## SUPPLIED MATERIAL
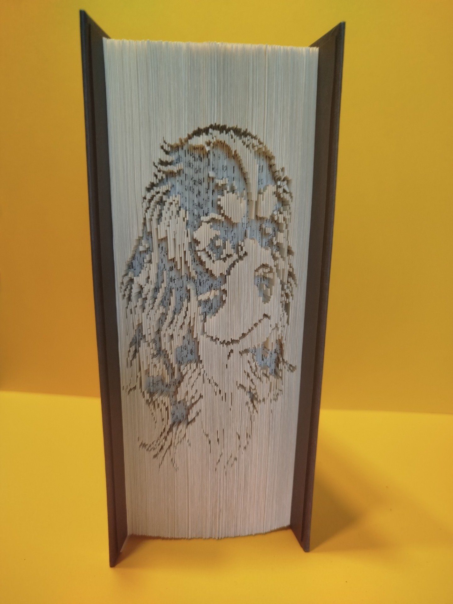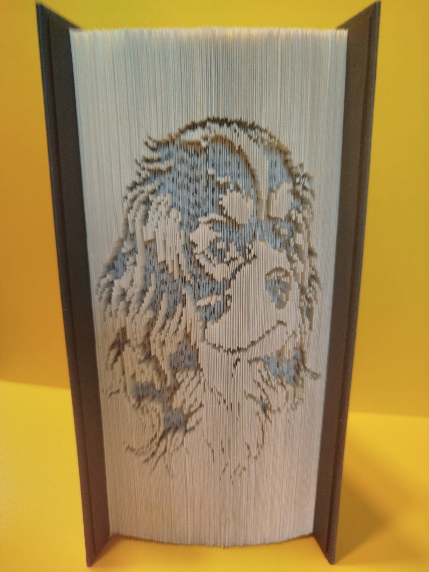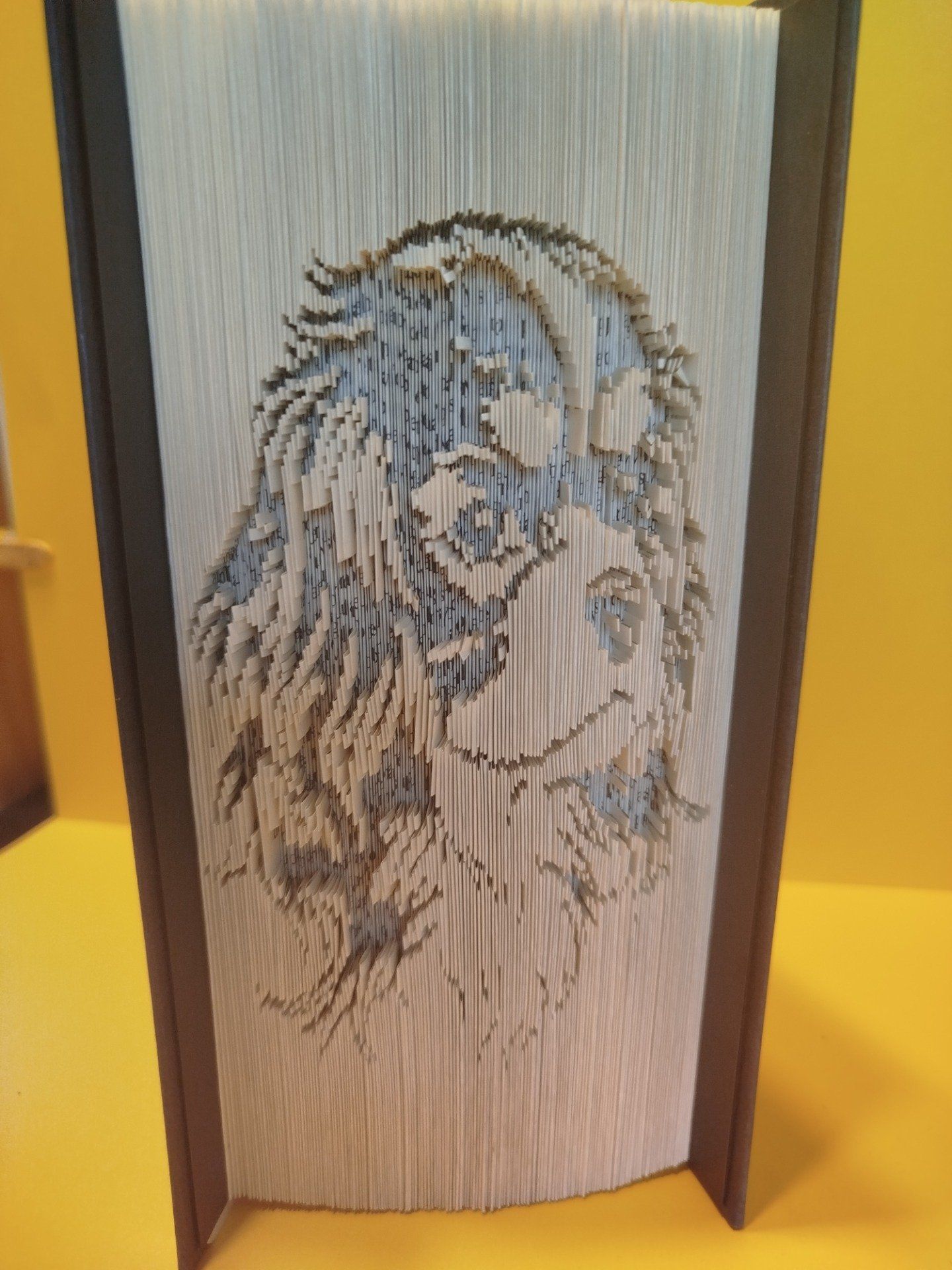 Offrez une seconde vie à un livre avec cette création unique représentant la silhouette élégante du Cavalier King Charles. Chaque pli est soigneusement réalisé à la main pour dessiner ce compagnon fidèle
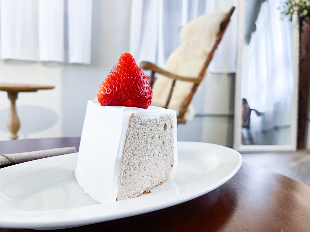 這塊戚風看起來不得了。外層的雪白奶油,淡雅的茶色係伯爵茶調,不僅如此,還有顆大草莓置頂,且還撐的久。
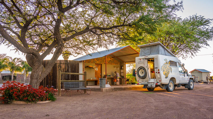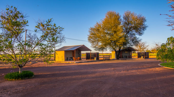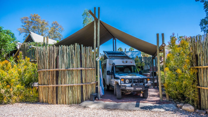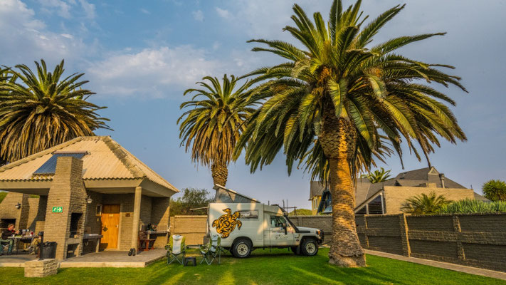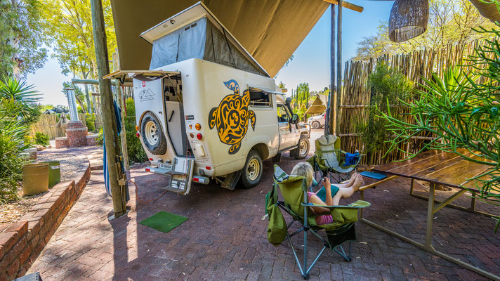 Nachdem wir in Keetmanshoop nochmal ein paar Besorgungen gemacht hatten, mussten wir bis Mariental noch gut 200 km „fressen“. Zu sehen gibt es auf dieser Strecke wenig. Die Landschaft ist flach und eintönig. Im Bastion Farmyard quartierten wir uns ein. Ein weiterer Campinghöhepunkt in Namibia. Nur vier Stellplätze aber jeder mit privatem Badehaus, Grill und einer schattigen Terrasse. Holz um den Donkey anzuheizen lag bereit. Wir genossen den Luxus bei angenehmen Temperaturen.
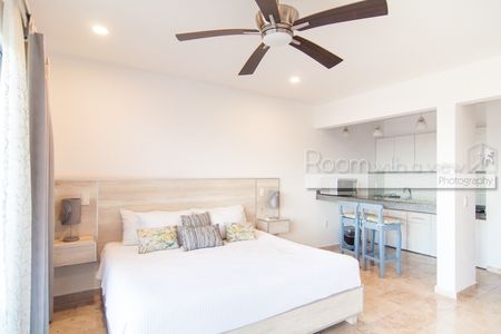 Ideal para solteros o parejas, este estudio lleno de luz solar es perfecto para rentas vacacionales o como su propio refugio caribeño. Cuenta con una cocina con barra de desayuno, microondas y cocina eléctrica. Este estudio tiene una zona de estar con un futón y una zona de descanso con una cama king-size, dos mesitas de noche incorporadas y un armario con puertas con espejo. Se abre a un balcón privado con vistas a la calle. Este condominio tiene pisos de cerámica y acabados de alta calidad que son duraderos y fáciles de mantener. Se ofrece amueblado y equipado con ventiladores de techo y aire acondicionado.
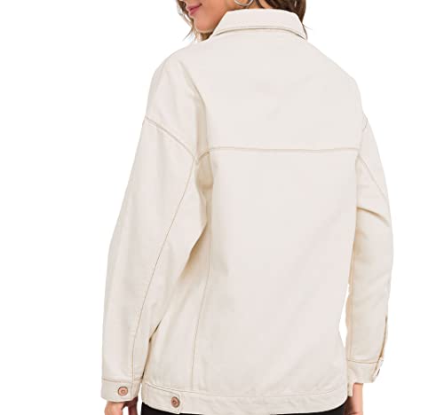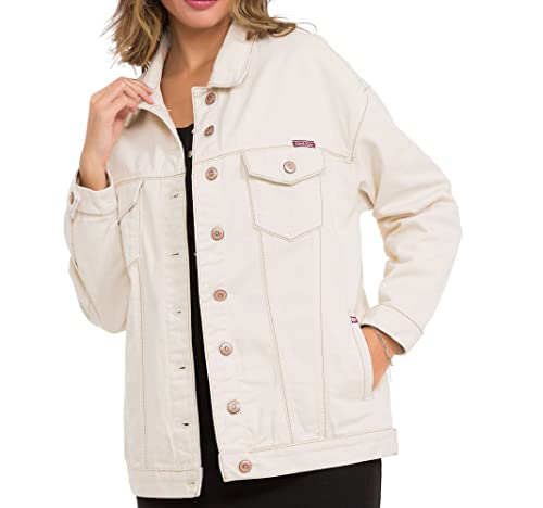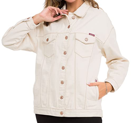 Cipo & Baxx Damen Jacke WJ211 Beige – Klassische Jeansjacke im Modernen Casual Streetwear Look mit Knopfleiste & Brusttaschen – Vielseitige Übergangsjacke für Alltag & Freizeit - WJ211 Beige XL

## WHAT YOU WILL DO
The answer must be an exact copy of the lines above, from the start of the records through the line with "這塊戚風看起來不得了。外層的", and of nothing else; no pictures belong in it.

## EXPECTED ANSWER
 Offrez une seconde vie à un livre avec cette création unique représentant la silhouette élégante du Cavalier King Charles. Chaque pli est soigneusement réalisé à la main pour dessiner ce compagnon fidèle
 這塊戚風看起來不得了。外層的雪白奶油,淡雅的茶色係伯爵茶調,不僅如此,還有顆大草莓置頂,且還撐的久。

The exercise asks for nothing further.